The system works as follows. In the transmitter, the GNTC generator 1 generates the carrier and clock frequencies. From the GNTC 1 output, the clock frequency is fed to the PSP 2 generator input, which forms a binary pseudorandom sequence of a special form N + 1, the shift of which is determined discretely or smoothly within τ _n , depending on the transmitted discrete or analog signal. The carrier frequency from the GNTC 1 and the SRP from the generator 2 enters the phase manipulator 3, which manipulates the oscillation of the carrier frequency by 180 ^o according to the law of the SRP. From the output of the phase manipulator 3, the signal enters the high-frequency transmitter and is broadcast.

 In the receiver, the received signal is fed to the inputs of the multipliers 6 and 7, where it is multiplied with copies of the local PSP 5 generator, and the types of copies for the reception channels 0 and 1 are different. Integrators 8 and 9 accumulate the results of multiplication and give them to the comparison circuit 10, which determines the value of the transmitted information. The synchronization of the receiver — the moment the PSP 5 is started, the moment the integrators 8 and 9 are reset and the comparison circuit 10 is enabled, is provided by the synchronization device.

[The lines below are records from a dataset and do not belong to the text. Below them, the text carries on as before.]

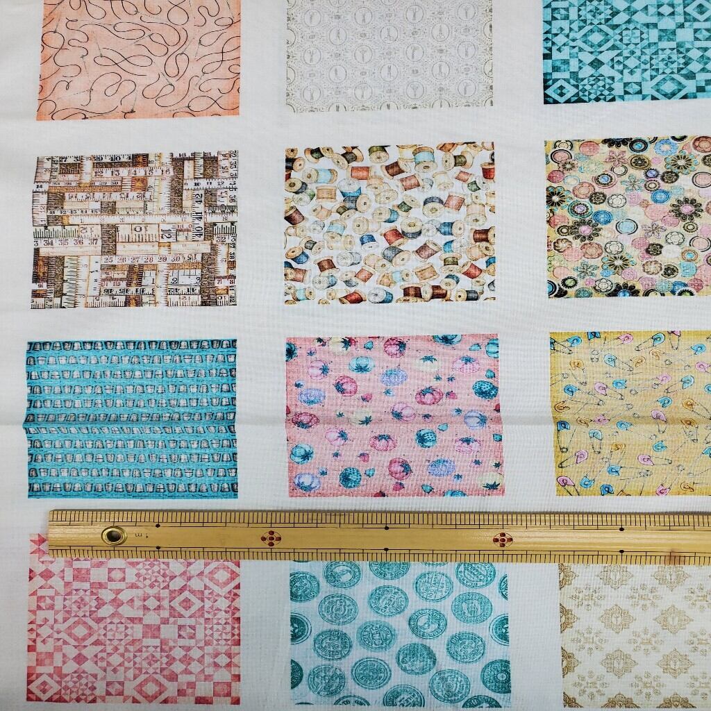 良く見ると糸巻きやボタン、シンブル、パッチワークパターン等良く見るとシリーズです
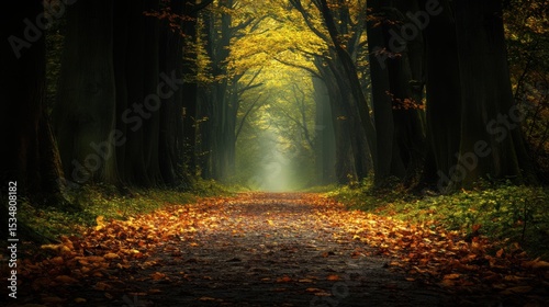 Fototapeta premium A quiet empty forest path covered in fallen leaves, winding between tall...
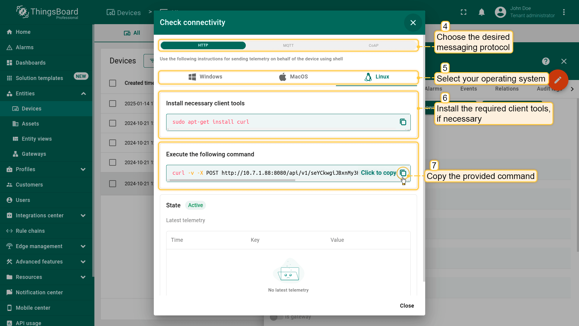 - Open the Terminal and paste the copied command. This command will send a POST request to the IoT Hub server with the {"temperature":25} data. Execute this command. After successful execution, the "temperature" reading will be published. Then, close the connectivity window.
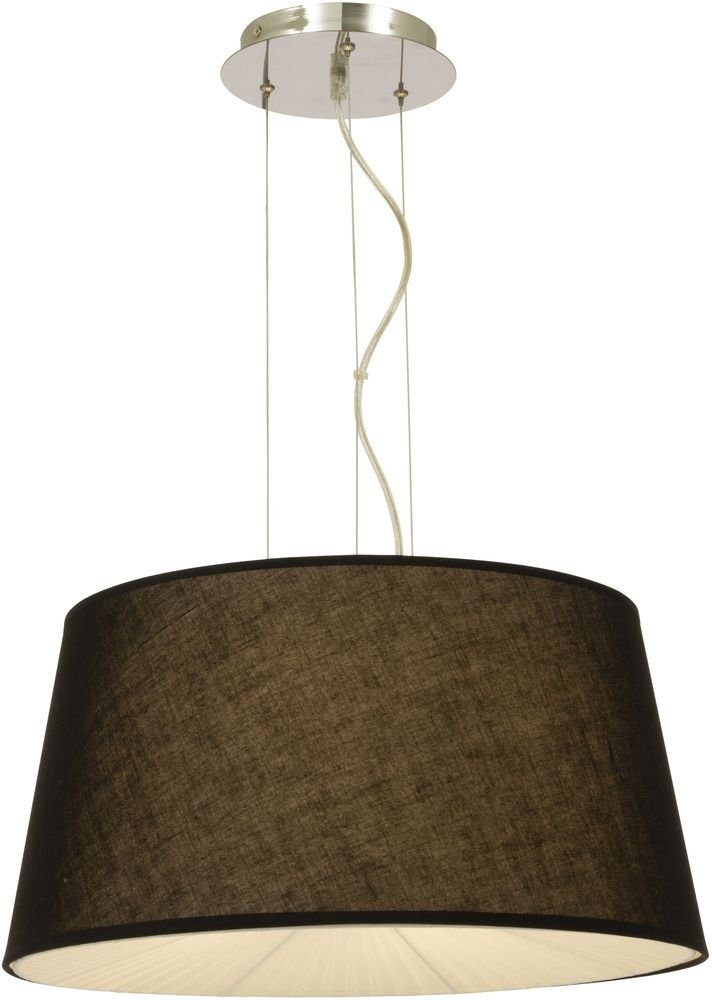 Taklampa med svart textil skärm. Platta i kromad metall. Lätt upphängning i tak.

Plots of the generated signals are shown in FIG. 3a and 3b (for example, 7 element sequences), from which it follows that for the formation of the NPS 1 NPS, a conventional NPS generator can be used with a period extended by 1 bit and the possibility of shifting the coding MSS within τ _n , depending on values of the encoded signal.

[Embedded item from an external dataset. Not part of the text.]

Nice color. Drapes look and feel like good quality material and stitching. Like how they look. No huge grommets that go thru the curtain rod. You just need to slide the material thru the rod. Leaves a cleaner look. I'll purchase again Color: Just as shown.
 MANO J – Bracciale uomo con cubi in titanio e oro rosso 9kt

 Currently, phase-based methods for modulating and demodulating messages with a reference signal (pilot signal) are widely used in communication technology with SHPS, which makes it possible to extract reference oscillations necessary for the operation of a phase detector from a received radio signal.

 It is known that working with opposite signals gives a gain of 3 dB compared with orthogonal signals. However, the transmission of the pilot signal takes half of the power radiated by the radio station, i.e. signal power is reduced by 2 times. Thus, the loss due to the use of the pilot signal is also 3 dB. From this it follows that the noise immunity of the work with orthogonal signals and opposite signals (with the pilot signal) is the same.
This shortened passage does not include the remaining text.